Douglas Schwartz said:

It is surprising how quickly people in government forget the injustices of the Blacklist era and the House Committee on Un-American Activities. It hasn't even been a century since the Smith Act attempted to regulate our thoughts about Communism.

Kyeann said:

I agree, Douglas! We have a very short historical memory. I knew about the HUAC but do not know about the Smith Act. Will read about it now!

Tyler said:

It's as if the book 1984 was only a few decades off. Judging by the direction this bill would take us.

Jared Lorz said:

Hmm an interesting point but I'm not sure if I agree with you.

Jared Lorz

Theo said:

Douglas: I disagree. I think not only they perfectly remember it, but they long for the return of that era.

They simply don't see it as an injustice. For some people out there in the government, M.L. King actually was a terrorist, an enemy of their interest. Don't forget he was killed. Malcolm X too.

concerned said:

History has shown that efforts to forcefully impose civility/law and order do more to encourage combative attitudes and militant organizations than to prevent their rise. (ex. Black Panthers, SDS, The weathermen and others) I think that the more this issue is pressed, the non-violent opponents and supporters of free speech will become more violent, and regular everyday people will be reduced to the clichés and stereotypes that they are trying to fight. Look at Kent State. It is our own government's fear and the fear it is disseminating to us that is driving irrational and tyrannical policy and action. If we fear terrorism, we have already lost. The free and open society that many of the eastern groups are opposing is slowly digressing into a society that is neither free nor open. To continue down this road is to betray all of those that have fought and bleed for freedom. A simple "aye" in response to this matter, coats your own hands in the blood of those whose sacrifices we should be upholding. The government should know that if it continues down this road, it will make enemies of us all, and no power can contend with that of the people, but in this process unnecessary loss of life is great and it is the last thing that we would want to wish upon ourselves.

Vote Ron Paul '08

S. Dogood said:

I can't believe it, the terrorists have succeeded in destorying the American way of life. The catch is the terrorist were able to engineer it so that the government's own paranioa caused the downfall of the American way life, you know like the freedom to express our own views on politics and religion, and not the terrorists themselves.

abibtniys said:

This legislation looks like it could also be use of outlaw strikes -- union busting -- and create more poverty.

Mike said:

Sadly, the terrorists have won. Our leadership has been outsmarted and outmaneuvered at every turn by the "ignorant terrorists". Now our civil liberties are in shambles, the rule of law is a joke, our economy is on the brink of collapse and the terrorists are laughing openly.

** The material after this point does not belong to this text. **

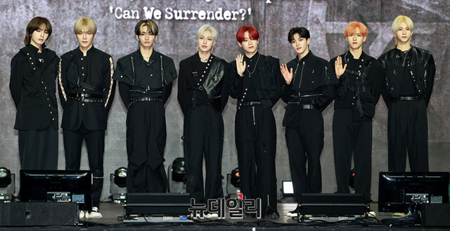 아이돌그룹 이펙스가 4일 오후 서울 용산구 블루스퀘어에서 열린 6번째 EP앨범 '불안의 서 챕터2' 쇼케이스에서 포토타임을 갖고 있다.
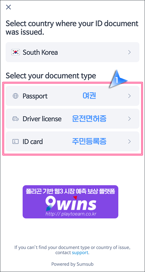 6. 자신이 사용할 신분증을 선택합니다. Passport는 여권, Driver license는 운전면허증, ID card는 주민등록증입니다.

Oh well, I guess this administration HAS managed to bleed the middle class white while funneling BILLIONS into the hands of the ultra-wealthy, so they've succeeded in answering the bidding of their corporate masters. The war on terror has been nothing but a distraction and a cat's paw.

Kyeann said:

I don't think it's too late for us. So many Americans are heartbroken by this most recent chapter of civil liberties abuses and criminal behavior in the White House. But I have faith that our despair can lead to a renewal of active citizenship. Maybe the Bush administration's extremes are helping many of us truly understand the value of democracy? Really, we have no choice but to fight (nonviolently) for it.

Twisted Jon said:

Tis sad to see all the people on this site blaming the terrorists for the state of America. Sadly the terrorists cannot change our Bill of Rights, alter the Constitution or declare martial law (it's coming). Things have been beyond saving since 9/11 happened, we just did not know the extent of the damage. Corruption has riddled the halls of power for way too long for us to just hope it out now. There have been laws passed that state the Commander in Chief, i.e. Bush can declare martial law if there are ANY attacks on the U.S. or ANY of our territories. Laws like this do not get passed so quickly unless they are going to be used. Please, I beg you all to wake up and take action while you can to protect your families for it is far too late to save the country. The enimies of our freedom, of our free speech and thought are already in power, they just need an excuse to make it absoulte.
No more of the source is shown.